Se obtuvieron los valores promedio en el grupo de estudio para la Labrale superior e inferior al inicio y al final del tratamiento y se observó que no hubo cambios significativos. Sin embargo, hay una tendencia que indica que al final del tratamiento la Labrale superior e inferior disminuyó en el grupo estudio al final del tratamiento, coincidiendo con Bishara. (2,4)
De la misma manera, los valores promedios para el grupo control al inicio y al final del tratamiento, se observó que no hubo cambios estadísticamente significativos. Lo anterior coincide con el estudio Bishara sin embargo, en su investigación los labios e incisivos superiores fueron más protrusivos que los encontrados por nosotros al finalizar el tratamiento sin extracciones.(3,4)
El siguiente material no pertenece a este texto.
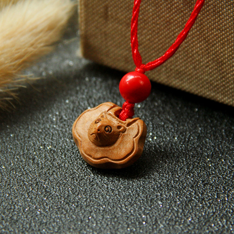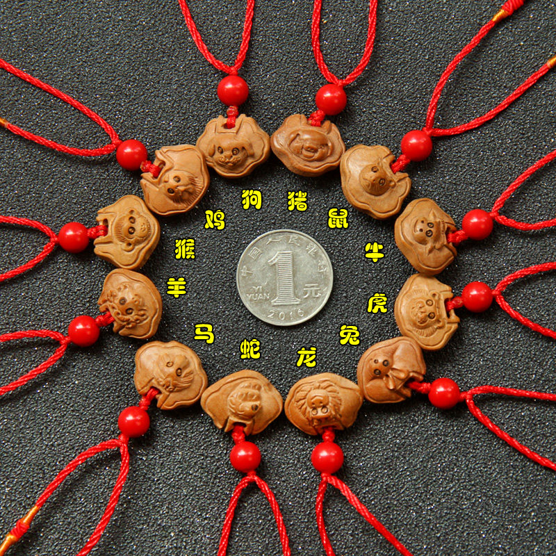 Peach wood duozodiac pendant amulet male and female baby boy baby boy red rope necklace with hanging neck and safety

Estos resultados son parcialmente iguales, comparados con los obtenidos en las investigaciones revisadas, lo cual puede deberse a que la muestra utilizada en este estudio fue de pacientes con maloclusión clase I y II de Angle, y las respuestas individuales obtenidas fueron probablemente influenciados por la variación en el grosor de los labios, el grado de apiñamiento, retracción incisiva y el aumento de la altura facial inferior.
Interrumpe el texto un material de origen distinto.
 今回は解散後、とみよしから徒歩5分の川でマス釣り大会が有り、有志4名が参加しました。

Otra parte importante que se observó en la investigación realizada es cómo el mayor acercamiento entre los Labrales a la norma establecida por Ricketts, la obtuvo el grupo de estudio en la Labrale inferior; seguido por este mismo grupo en la Labrale superior.
Conclusiones
El grupo 1 no mostró cambios estadísticamente significativos al inicio y final del tratamiento, pero se presentó un acercamiento a la norma respecto a la línea E de la Labrale superior e inferior mejorando la estética facial.
En el grupo control no se apreciaron cambios estadísticamente significativos al inicio y final del tratamiento, sin embargo, se encontró un alejamiento de la norma respecto a la línea E de la Labrale superior e inferior, alterando la estética facial.
Se concluye que no hubo modificaciones de la Labrale superior e inferior, tanto para el G1 como, para el G 2 de control estadísticamente significativo, sin embargo, observamos en los promedios una tendencia que nos indica que, en el perfil labial se presenta un acercamiento a la norma del plano estético de Ricketts, cuando los pacientes son tratados con extracciones de primeros premolares; mientras que en los pacientes tratados sin extracciones se evidencia lo contrario.
Otra conclusión a la que llegamos después de analizar los promedios obtenidos por nuestros estudios estadísticos es que se obtuvo un mayor acercamiento a la norma establecida por Ricketts, en el grupo tratado con extracciones de primeros premolares, especialmente en la Labrale inferior. Se obtuvo una respuesta individual en las modificaciones de las Labrales superior e inferior en algunos pacientes, posiblemente influenciados por el grosor de los labios, la retracción incisiva y los cambios de la altura facial inferior.